• _Exercise description_
Without changing a word, return the listing below, minus its images.

• _Available data_
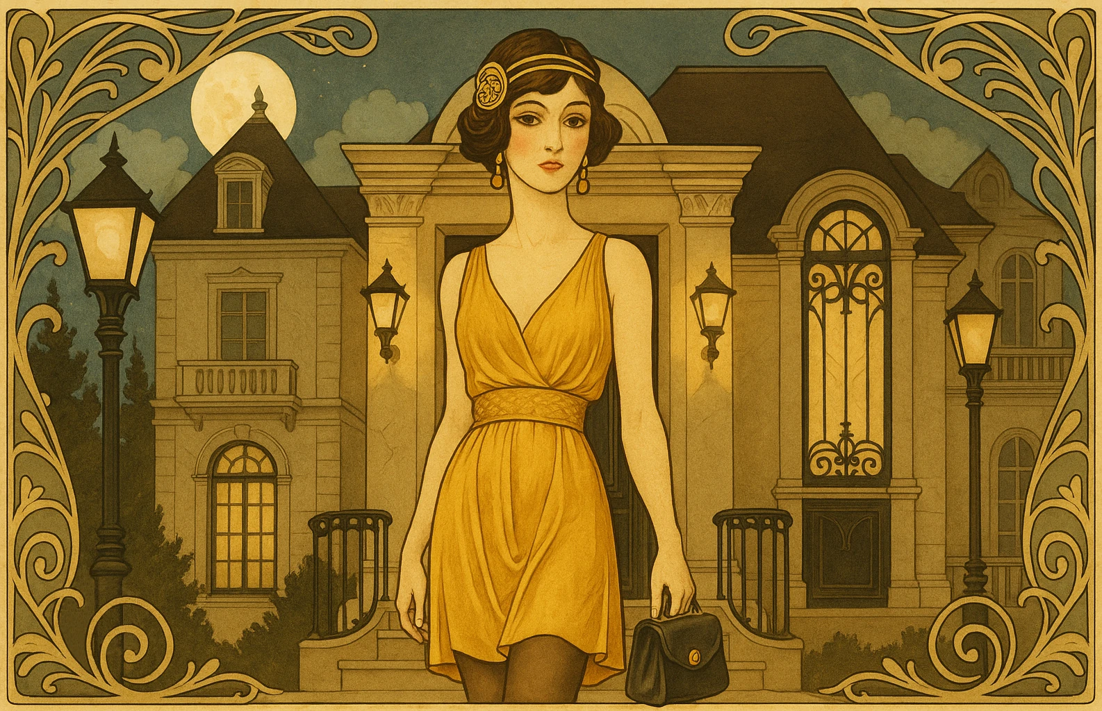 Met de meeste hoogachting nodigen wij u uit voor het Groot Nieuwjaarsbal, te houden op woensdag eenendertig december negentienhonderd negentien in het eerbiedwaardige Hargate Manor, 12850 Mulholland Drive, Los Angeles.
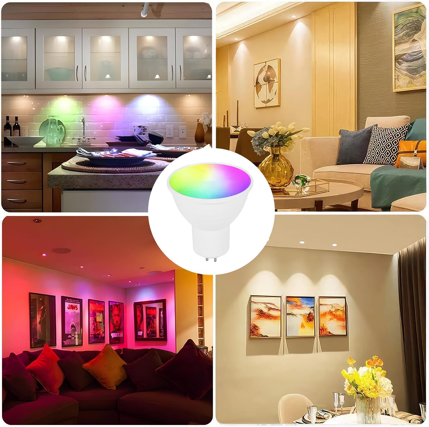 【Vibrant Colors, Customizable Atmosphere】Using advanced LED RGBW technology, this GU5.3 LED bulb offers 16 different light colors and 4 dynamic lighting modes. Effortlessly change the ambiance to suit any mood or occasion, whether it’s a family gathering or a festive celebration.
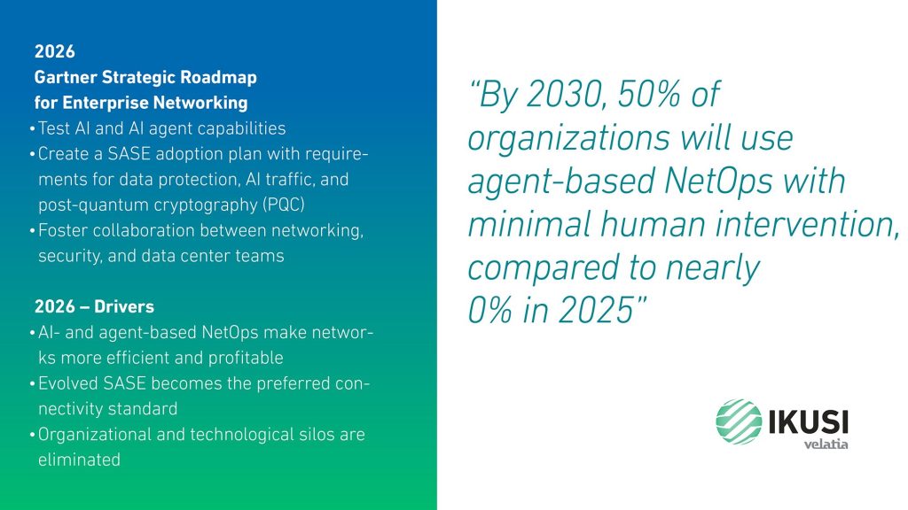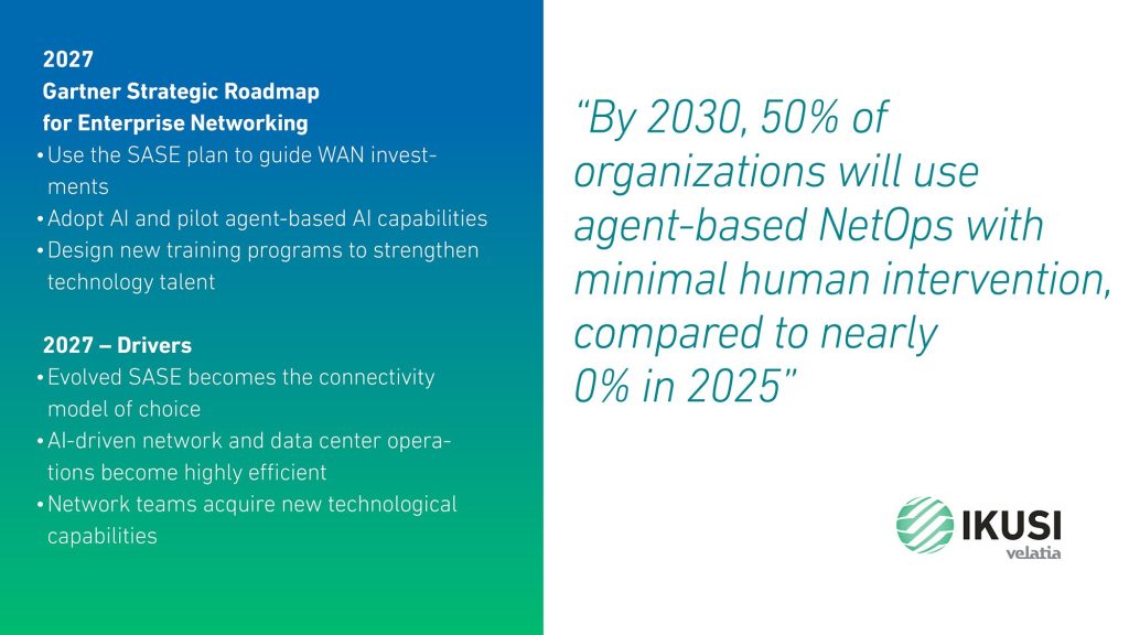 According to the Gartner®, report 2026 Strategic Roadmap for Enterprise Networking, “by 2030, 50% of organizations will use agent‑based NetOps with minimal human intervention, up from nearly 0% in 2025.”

• _Output for this task_
 Met de meeste hoogachting nodigen wij u uit voor het Groot Nieuwjaarsbal, te houden op woensdag eenendertig december negentienhonderd negentien in het eerbiedwaardige Hargate Manor, 12850 Mulholland Drive, Los Angeles.
 【Vibrant Colors, Customizable Atmosphere】Using advanced LED RGBW technology, this GU5.3 LED bulb offers 16 different light colors and 4 dynamic lighting modes. Effortlessly change the ambiance to suit any mood or occasion, whether it’s a family gathering or a festive celebration.
 According to the Gartner®, report 2026 Strategic Roadmap for Enterprise Networking, “by 2030, 50% of organizations will use agent‑based NetOps with minimal human intervention, up from nearly 0% in 2025.”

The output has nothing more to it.